Unsolved
9 Posts
1
1321
Aurora R8, AWCC flagged as Malware/Adware
Alienware Aurora R8
I've seen some other threads with folks having different issues with AWCC version 5.5.9.0 but I have only seen my issue (unanswered) on external websites. I have experienced my desktop flickering and the blue wheel loading cursor like others have while installing the most recent version like others have described.

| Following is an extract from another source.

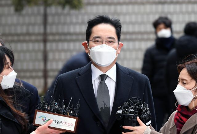 국정농단 사건으로 재판에 넘겨진 이재용 삼성전자 부회장이 지난 1월 18일 서울 서초구 서울고등법원에서 열린 국정농단 사건 파기환송심 선고 공판에 출석하고 있다.

This time, however, I decided to wait it out and see what happens. Eventually Webroot popped up saying Display001VcpSrv.exe is a "W32.Adware.Gen" Infection. For now I'm letting Webroot remove it and will reinstall later if there's some sort of confirmation that it is not adware. I also saw external posts where Norton was flagging this exe as malware as well.
Screenshots:
Here's the full path:
Thanks,
Mike
Vanadiel
6 Professor
6 Professor
•
6.4K Posts
0
August 14th, 2022 08:00
If you downloaded the drivers from the official Dell driver download site than I would say that is false positive.
Dell drivers
steadler
2 Intern
2 Intern
•
210 Posts
0
August 14th, 2022 11:00
That one is part of the game eye components, what ever that is . In that directory you will find a separate uninstall program for it. I did run it and it removed that completely, it seems a separate package.
Running the awcc 5.5.9 installer package repair does not re-install it.But Awcc seems to work without it.
speedstep
9 Legend
9 Legend
•
47K Posts
0
August 15th, 2022 00:00
@Mike KC
Somewhere in your travels on the internet you clicked YES and the malware attached itself to the exe file and its now residing in memory so deleting it wont make it go away.
I would recommend doing a fresh start then downloading AWCC directly from Dell then reinstalling webroot etc.
Windows key R to run
c:\windows\system32\systemreset.exe -cleanpc
FRESH START
Simon-John
1 Rookie
1 Rookie
•
4 Posts
0
August 15th, 2022 02:00
"Somewhere in your travels on the internet you clicked YES and the malware attached itself to the exe file and its now residing in memory so deleting it wont make it go away"
This information is not accurate as the machine we tested it on was a fresh OS install - no futher information gathered as yet.
jayzcos
3 Posts
0
August 15th, 2022 20:00
I have the same issue with Sophos (so it’s not just webroot). Also it looks like other people have had Display001VcpSrv.exe blocked with Norton. My issue came after an auto update of the control center today. I hope the installer didn’t get compromised. Can someone from Dell please respond?
Mike KC
9 Posts
1
August 18th, 2022 16:00
Just an update since I wasn't clear about the source. I did not download the installer from Dell and install (though at some point I may have uninstalled and downloaded from Dell). AWCC has been installed since I've had the machine, and it was updating on it's own like it always has.
My wife's Alienware x17 hasn't ever behaved any differently, so no cause for alarm there either. She hasn't been on hers in a while so I started hers up and immediately AWCC was wanting to update. I let it run, updated successfully, scanned hers with webroot, nothing popped. Scanned the containing folder specifically, nothing popped.
I decided to hash her file to see if it was the same one, ran:
certutil -hashfile "C:\Program Files\Alienware\Alienware FXDisplay001 Components for AWCC\Display001VcpSrv.exe" MD5
File has was: 645c2654f54268b09724b1c0cbaf4229
Restored my quarantined file, scanned, didn't pop again. Hashed my file with the command above, same file. My guess is that the antivirus signatures have been updated, would be nice of Dell to confirm though.